Vanthourenhout zum ersten Mal Cross-Europameister

Namur (rad-net) - Michael Vanthourenhout ist neuer Europameister im Cross. Auf einer extrem rutschigen und matschigen Strecke setzte sich der Belgier vor Lars van der Haar (Niederlande), mit dem er sich ein packendes Duell lieferte, durch und feierte den größten Erfolg seiner Karriere.

Das Rennen der Männer war von vielen Rutschpartien, Stürzen und Defekten geprägt, von denen auch die Favoriten nicht verschont blieben. Allerdings ließ sich Van der Haar davon nicht beirren und machte sich bereits in der ersten Runde auf und davon. Eli Iserbyt (Belgien), der in dieser Saison bereits drei Weltcups gewinnen konnte und deshalb auch zu den Titelanwärtern gehörte, konnte die frühe Attacke nicht mitgehen und gab nach einem Sturz das Rennen später sogar auf.

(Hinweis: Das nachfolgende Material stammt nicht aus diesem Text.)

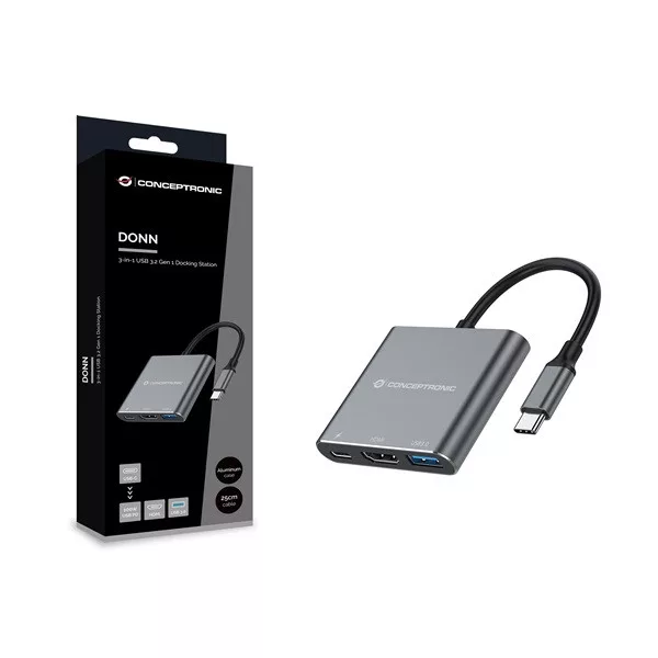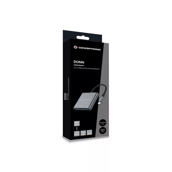 Conceptronic Notebook Dokkoló - DONN18G (USB-C to HDMI/USB-C PD/USB 3.0)

Allerdings blieb auch Van der Haar nicht fehlerfrei. Er stürzte in der zweiten von neun Runden am Schräghang, was Vanthourenhout ermöglichte, aufzuschließen. Von da an entwickelte sich ein spannendes Duell. Im weiteren Verlauf schaffte es Van der Haar Vanthourenhout wieder abzuschütteln, aber der Belgier blieb in Schlagdistanz. Aber auch er ging zwischenzeitlich zu Boden.

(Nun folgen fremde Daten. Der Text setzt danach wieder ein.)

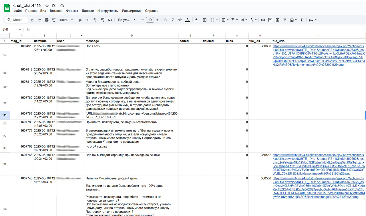 В Битриксе у вас есть групповые чаты — внутри проектов, внутри сделок, да и просто личные переписки. И было бы здорово выгружать такие чаты в таблицу, чтобы дальше анализировать их, обрабатывать, использовать в обучении сотрудников или строить аналитику. Это не абстрактная идея — это реальный кейс. В одной компании сотрудники задавали юридическим отделам вопросы в специальном чате. Годы шли, вопросов становилось все больше, и постепенно сформировалась огромная база знаний. Новые сотрудники приходили, задавали те же вопросы, юристы снова отвечали. Люди редко ищут по истории чата, да и сформулируют вопрос чуть иначе — уже не найдут, что нужно.
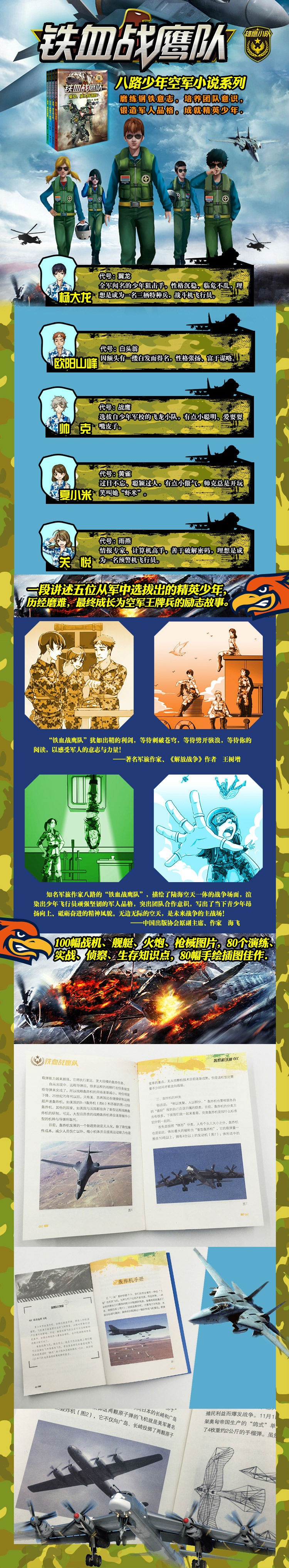 知名军旅作家八路的“铁血战鹰队”系列,描绘了陆海空天一体的战争场面,渲染出少年飞行员顽强坚韧的军人品格,突出团队合作意识,写出了当下少年儿童昂扬向上、砥砺奋进的精神风貌。无边无际的空天,是未来战争的主战场!

Dann erlitt Van der Haar jedoch Reifenschaden, wodurch Vanthourenhout wieder herankam. Als das Duo dann wieder gemeinsam unterwegs war, unterlief Van der Haar der entscheidende Fehler und stürzte erneut. Damit war Vanthourenhout ihm enteilt. Der 28-Jährige gewann mit 40 Sekunden Vorsprung vor dem Vorjahressieger.

Den dritten Platz belegte Laurens Sweeck (Belgien), der sich frühzeitig schon auf Rang drei eingereiht hatte und diesen bis zum Schluss nicht mehr hergab. Er wies 2:17 Minuten Rückstand auf.

Der Deutsche Meister Marcel Meisen belegte den 15. Rang (+4:29) und sorgte damit für ein weiteres Top-20-Resultat bei diesen Titelkämpfen. Florian Hamm wurde mit Rundenrückstand 23. «Judith und Marcel sorgten für kleine Lichtblicke bei dieser EM», urteilte Bundestrainer Wolfgang Ruser. «Auch Fabian Eder hat als 22. nur knapp den Sprung unter die besten 20 bei den U23-Fahrern verpasst.»